Thursday, March 21, 2013

7L3 - The Happiness Patrol 3



The Happiness Patrol is one of the angriest Doctor Who stories every made. It has since come to light that writer Graeme Curry and script editor Andrew Cartmel, among others, had a healthy distaste for then-Prime Minister Margaret Thatcher and were working in ideas, however subtle or blatant, of how to lampoon and protest the Iron Lady. Sheila Hancock, who played Terra Alpha's leader Helen A, says she based elements of her performance on Thatcher. In retrospect, it seems somewhat obvious that this is what the production crew were going for, but at the time, such subversiveness was very uncommon for Doctor Who.

It is a story of anarchy as a solution. The Doctor challenges himself to take down an oppressive government in a single night and succeeds, but has no plans on who should take over in that government's stead. No one - not the Killjoys, the Pipe People, the disenfranchised Happiness Patrolers - are shown any favour in terms of story or by The Doctor's actions as being the right person or persons to lead Terra Alpha into a new age. Earl Sigma stays behind only to teach the planet "the blues". All this is a typical solution for the ultimate punk rock anarchists, the Seventh Doctor and Ace.
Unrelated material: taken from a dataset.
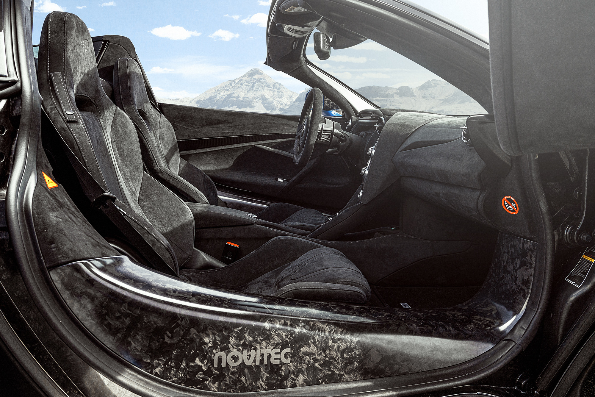 Углепластиковый обвес наверняка порадует тех, кто мечтает о суперкаре McLaren Senna (800 л.с и 800 Н•м) без крыши. Есть что-то общее во внешности двух машин. Передняя колея 720-го увеличена на 60 мм, задняя — на 130. Помимо эстетических качеств, обновлённый экстерьер от Новитека призван улучшить аэродинамику и теплообмен. Фиксированной палитры не существует — цвет кузова зависит от фантазии клиента. На колёса, разработанные в тандеме с компанией Vossen, смонтированы шины Pirelli P Zero размерностью 245/30 ZR20 спереди и 325/25 ZR21 сзади.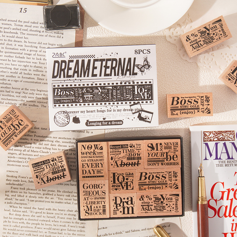Mengyuan 永遠の木製シールセット diy ハンドブック日記印刷スタンプクロスボーダーブナ材レトロ英語シール

Both the characters of the TARDIS team come from outside the normal boundaries of their respective societies, just as the actors portraying them do. Both characters are orphans from their pasts, eager to leave their history behind but keeping the rebellious nature that isolated them in the first place. Sylvester McCoy and Sophie Aldred came into the acting profession via less-than-orthodox means, too, and it helps their respective performances. McCoy's Doctor is the Sex Pistols to Colin Baker's Pink Floyd. They're anarchic uprisings against the (perceived) bloated excess that preceded them.

Graeme Curry deserves full credit for writing one of the sharpest and smartest scripts ever seen in Doctor Who, and joins Barbara Clegg as people who wrote only one story for Doctor Who, and both were imaginative triumphs. Acclaim must also go to director Chris Clough, whose previous attempts veered from satisfactory to disappointing, but who shows artistic flair and the confidence to keep the lighting darker and moodier than anything else seen in the John Nathan-Turner era. His initial idea of shooting the entire story as a black and white film noir sounded enticing, too. Fortunately, The Happiness Patrol is strong enough on its own without the need for a gimmick, and is also one of Doctor Who's most underrated stories.